Saturday, February 19, 2011

The Sweet Smell of Success

Today I had two people comment on my perfume ... wow what a relief.   To fully understand the importance of this, you would need a little back story.    A little over a year  ago my ex husband informed me that I stank and that I was sending Joey to his house smelling like dogs.    He did this on the phone one evening and then he followed up with it in person.    It was one of those awful moments that will likely forever be burned into my memory.    We were standing outside Joey's school, and we had just had a pretty awful meeting about Joey being bullied.   One of the mean comments being made was that Joey smelled.   I felt it was from Joey being a typical boy and not being too interested in hygiene.    He was getting to the point that showers were not something to be skipped and he also needed to start using deodorant.     BUT my ex husband had a different take on it.       I said something about how I was being very vigilant about making  sure Joey was taking a shower consistently, etc and my ex said "But the smell is all over you too.    It's all over your house and it's covering your clothes and everything in your house."    Of course, he looked me up and down like I was the dirtiest,  grossest person on the planet.   It was really awful - I can still remember what I had on and how filthy I felt.   God, what a really shitty thing to say.     Instead of being offended,  I immediately accepted what he was saying as truth.   I felt so awful about what I had done to my son.  I felt that through fostering dogs I had put Joey in the situation that he was being made fun of.   Even his Dad was saying he stank as well as me.   I felt like the worst mother on the planet - even thinking back on that conversation with my ex I could cry.

After that incident, I was totally paranoid and constantly asking people I knew if Joey or I smelled like dog poop and pee.   Everyone told me we didn't, but I was scared that they were just being nice.      What's strange is that I was just telling my friend at work this story yesterday while we were having lunch.    (We've known each other for years, so I'm not just telling random people at work about my ex husband! ha)   Anyway, she reassured me that she's never smelled anything remotely "doggy" about me - Thank God.    When I told her I thought it was such a mean thing to say, she was like "UH YEAH DUH - but isn't that what the dynamic of your relationship is still about?   Him doing and saying things to keep you feeling down about yourself?     

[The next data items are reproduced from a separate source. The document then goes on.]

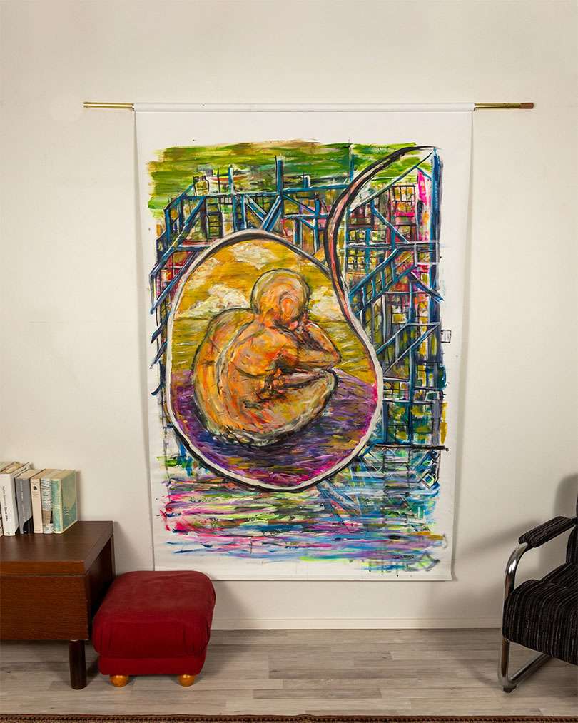 Tämän pohjalla on muistaakseni toinen maalaamani rullaverho. En ollut alunperin tyytyväinen teokseen, joten se päätyi noin puoleksi vuodeksi kaapin pohjalle odottamaan parempaa inspiraatiota. Kun se parempi inspiraatio saapui, maalasin kokonaan vanhan teoksen päälle. En ole varma, missä vaiheessa teoksen muodot alkoivat ilmestymään, mutta pian huomasin mystisen hahmon istuvan kuplan sisällä jossain, ehkä toisessa ulottuvuudessa tajuntansa uumenissa?Janneblancon pimentävillä rullaverhoilla saat uuden ulottuvuuden ainutlaatuiseen kotiin.
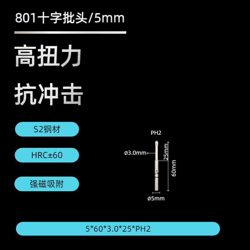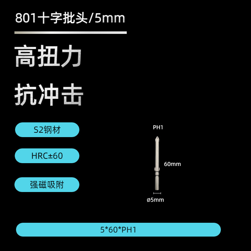 Оптовая продажа с завода: сверло-бит крестообразное 801, сверхпрочное, 5*60 мм, с защитой от скольжения, для электродрели, с сильным магнитом
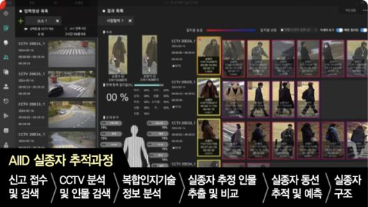 AIID는 AI를 기반으로 CCTV 영상 분석부터 유사인물 검색 및 분석, 동선 추적과 예측까지 가능한 복합인지기술 기반 지능형 관제 프로그램이다. 실종자 신고가 접수되면 AIID는 영상 속 유사 인물을 자동 실종자 후보군으로 뽑고, 서로 다른 시점의 카메라를 동선 그래프로 묶어 ‘사라진 구간’을 좁힌다. 실종자가 마지막 포착 지점 이후 어디서 사라졌는지 분석하고 동선을 예측해 경찰 수색 인력을 해당 구역으로 좁혀 배치할 수 있다는 게 가장 큰 강점이다. 경찰 관계자는 “실종자 수색에는 상당히 많은 인력과 시간이 소요된다”며 “숨진 이태원 참사 출동 소방관도 AIID 시스템이 전국적으로 깔려 있었다면 구할 수 있었을 텐데"라며 안타까움을 토로했다.

I hadn't talked about this incident or brought it up to anyone for a long time.   So it's a little strange  that today I spent some time with my family and got two "compliments" about how I smelled.    My brother sat down next to me and informed me whatever perfume I was wearing made me smell like I had showered too many times.   And then my sister in law also asked me what perfume I was wearing.   HA   Guess I don't stink after all, in fact I smell C L E A N!!!!!    And, no, I'm not talking about after I've spent hours at an adoption event cleaning up poop and pee or after giving a dog a bath.  ;)   But in my normal, every day life - I do NOT stink apparently.

The perfume, shower gel and lotion I currently use is "Grace" by Philosophy.   It's this really fresh, clean smell and some people even say the scent can help create a peace of mind.    I've been using the shower gel/lotion for a while but just got the perfume for myself in December.   

Considering how relieved and proud I felt, I think it's clear that those mean words spoken to me over a year ago are still haunting me.